SEOUL—For three generations, the Kim family has ruled North Korea. Before taking power, leaders have been shrouded in mystery and kept out of the public eye as children.

Now, one child has appeared alongside leader

Kim Jong Un

several times, raising questions about the Kim family’s succession plans. Mr. Kim was again accompanied by his daughter at a military banquet on Tuesday, state media reported on Wednesday.

The daughter, believed to be Mr. Kim’s second child,

Kim Ju Ae,

was dressed in a black suit and sat next to her father surrounded by senior military officials. At the banquet, Mr. Kim lauded the military on the 75th anniversary of the North Korean army. Seoul officials said they were monitoring preparations for a military parade.

His daughter first appeared in North Korean state media in November, at a flight test of an intercontinental ballistic missile. Since then she has accompanied her father to meet military scientists and inspect ballistic missiles. Military officials bowed to Ms. Kim and state media described her as the respected and beloved daughter of the leader, prompting speculation among some North Korea watchers that she could be next in line to rule the nuclear-armed country.

Others, however, say such speculation is premature and her public appearances suggest she isn’t seen as a likely successor. It would also be unprecedented for a woman to take power in a dynasty that has been dominated by men.

Mr. Kim, 39, gained power in December 2011 when he was 27 years old. Both his father and grandfather ruled until their deaths, and Mr. Kim has given no indication that he has plans to appoint a successor.

The young daughter is the only of Mr. Kim’s three children to be revealed to the public. Her name and age haven’t been reported by North Korean state media, but South Korea’s spy agency has said she is the middle child born to Mr. Kim and his wife,

Ri Sol Ju.

The couple has three children, born in 2010, 2013 and 2017, according to South Korea’s spy agency. In 2013, former NBA star

Dennis Rodman

said he had met Mr. Kim’s second child, and revealed her name was Ju Ae.

The firstborn is a son, and the youngest child’s gender remains unknown. Based on the history of ruling Kims, a son is the more likely to become successor, said

Hong Min,

a senior analyst at the Korea Institute for National Unification, a South Korean think tank. The regime could be keeping the eldest son out of the public eye to protect his identity, he said. The youngest child, meanwhile, might be considered too young for public appearances.

Traditionally, North Korea hasn’t revealed much about a Kim family member’s childhood before he is officially named as the successor to mystify him and carefully control the propaganda surrounding how he grew up, Mr. Hong said. For example, after

Kim Jong Il,

the current leader’s father, took power, North Korean history books said he was born on Mount Paektu, Korea’s tallest and most sacred mountain. Historians suspect he was born in Russia.
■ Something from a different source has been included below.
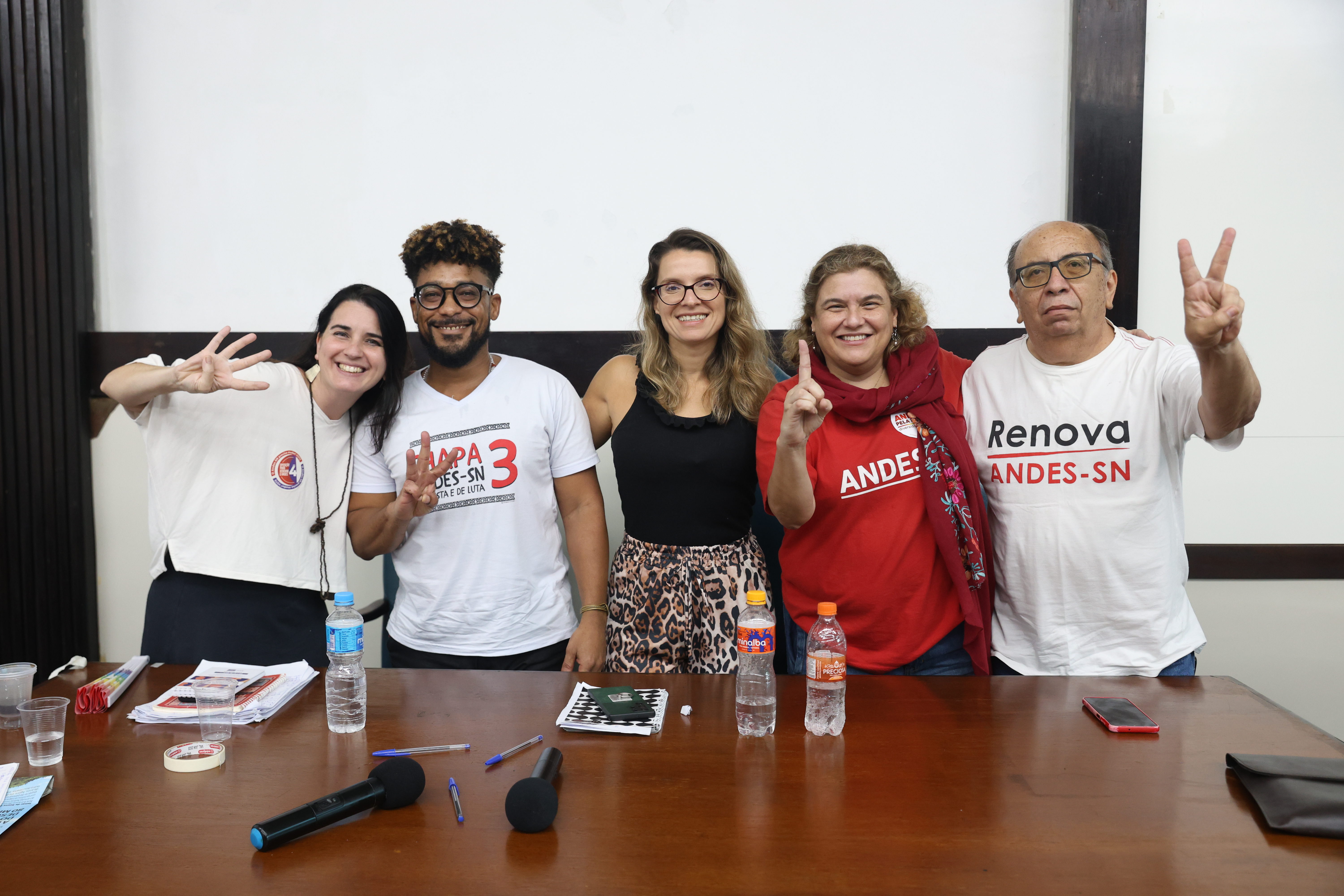 A presidenta da CEL, professora Mayra Goulart, mediou o encontro. Todas as chapas concordaram com questões sobre greve, democracia, autonomia sindical, crise orçamentária das universidades e os riscos da extrema direita. As diferenças se concentraram sobre a forma de organização do Sindicato Nacional diante do contexto político do país.
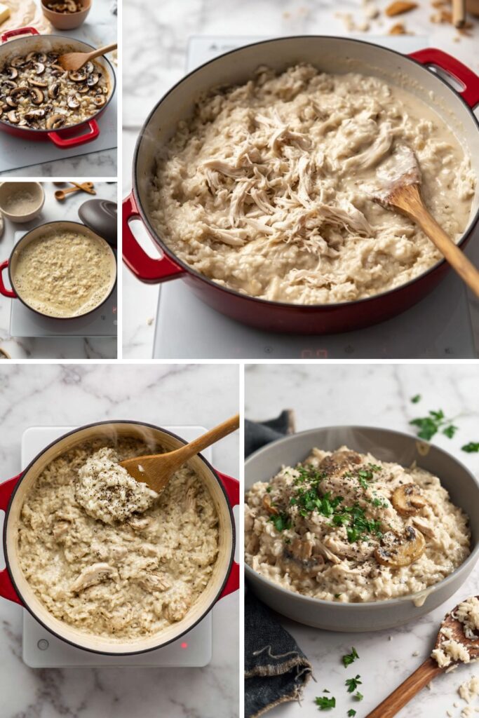 kcalA thick and creamy one-pot chicken dinner with tender jasmine rice and buttery sautéed mushrooms.

None of North Korea’s three-generations of rulers have been women. Pyongyang’s leadership is predominantly male though some women, such as Foreign Minister

Choe Son Hui,

one of the Kim regime’s prominent interlocutors with the U.S., and

Kim Yo Jong,

the leader’s sister, have played a significant role in North Korea’s foreign policy.
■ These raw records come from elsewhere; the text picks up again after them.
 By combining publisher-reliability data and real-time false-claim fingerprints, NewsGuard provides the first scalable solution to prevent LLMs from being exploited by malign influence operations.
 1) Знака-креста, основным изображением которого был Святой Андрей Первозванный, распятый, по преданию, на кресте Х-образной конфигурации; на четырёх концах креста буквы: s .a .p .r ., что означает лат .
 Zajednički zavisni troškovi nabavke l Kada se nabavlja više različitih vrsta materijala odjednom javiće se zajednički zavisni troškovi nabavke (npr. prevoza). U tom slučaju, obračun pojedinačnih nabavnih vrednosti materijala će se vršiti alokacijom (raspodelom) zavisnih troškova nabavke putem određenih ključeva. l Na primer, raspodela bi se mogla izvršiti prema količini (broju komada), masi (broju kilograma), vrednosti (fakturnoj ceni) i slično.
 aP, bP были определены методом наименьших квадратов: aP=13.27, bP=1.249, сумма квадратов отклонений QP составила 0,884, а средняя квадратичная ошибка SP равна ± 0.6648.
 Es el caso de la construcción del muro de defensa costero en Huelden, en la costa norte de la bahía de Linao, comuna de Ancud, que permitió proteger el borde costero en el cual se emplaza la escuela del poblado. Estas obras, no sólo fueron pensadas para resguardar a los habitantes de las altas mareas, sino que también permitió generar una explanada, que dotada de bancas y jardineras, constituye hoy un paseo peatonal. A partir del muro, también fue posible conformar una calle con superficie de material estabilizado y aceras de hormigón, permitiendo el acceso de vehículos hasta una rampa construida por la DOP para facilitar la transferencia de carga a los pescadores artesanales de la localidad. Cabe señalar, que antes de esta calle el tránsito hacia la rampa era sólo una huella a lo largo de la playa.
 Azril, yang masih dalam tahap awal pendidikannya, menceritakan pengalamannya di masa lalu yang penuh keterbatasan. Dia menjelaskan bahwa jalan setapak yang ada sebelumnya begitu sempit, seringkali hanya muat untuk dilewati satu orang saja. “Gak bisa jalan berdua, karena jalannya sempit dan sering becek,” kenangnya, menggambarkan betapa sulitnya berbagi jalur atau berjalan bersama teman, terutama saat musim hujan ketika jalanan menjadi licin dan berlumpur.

“Kim Ju Ae’s appearances are performative in nature and it’s too early to view her as the successor,” Mr. Hong said.

South Korea’s spy agency has said that bringing his daughter to a missile launch appeared to indicate the Kim regime’s commitment to protecting the security of North Korea’s future generations amid a standoff with the U.S.

Following his daughter’s first public appearance, Mr. Kim said he sees nuclear weapons as necessary to protect North Korea’s children from U.S. attack. In a September speech to North Korea’s rubber-stamp parliament, Mr. Kim declared he would never give up his nuclear weapons, which guarantee the security of future generations.

The Tuesday banquet was Ms. Kim’s fourth appearance at a military event, which are considered celebratory in North Korea. Bringing her to a celebration solidifies the leader’s image as a family man, said

Yang Moo-jin,

the president of the University of North Korean studies in Seoul. If Ms. Kim was being groomed as a successor, there would be signs of idolization, but there haven’t been, he said.

Since declaring itself a nuclear weapons state in September, the Kim regime has propagated messages that its nuclear weapons will be passed down through generations as a guarantee of the regime’s survival.

“Kim Ju Ae’s continued appearance softens the image of North Korea’s military and portrays

Kim Jong Un

as a loving father,” said

Kim Yong-hyun,

a professor of North Korean studies at Dongguk University in Seoul.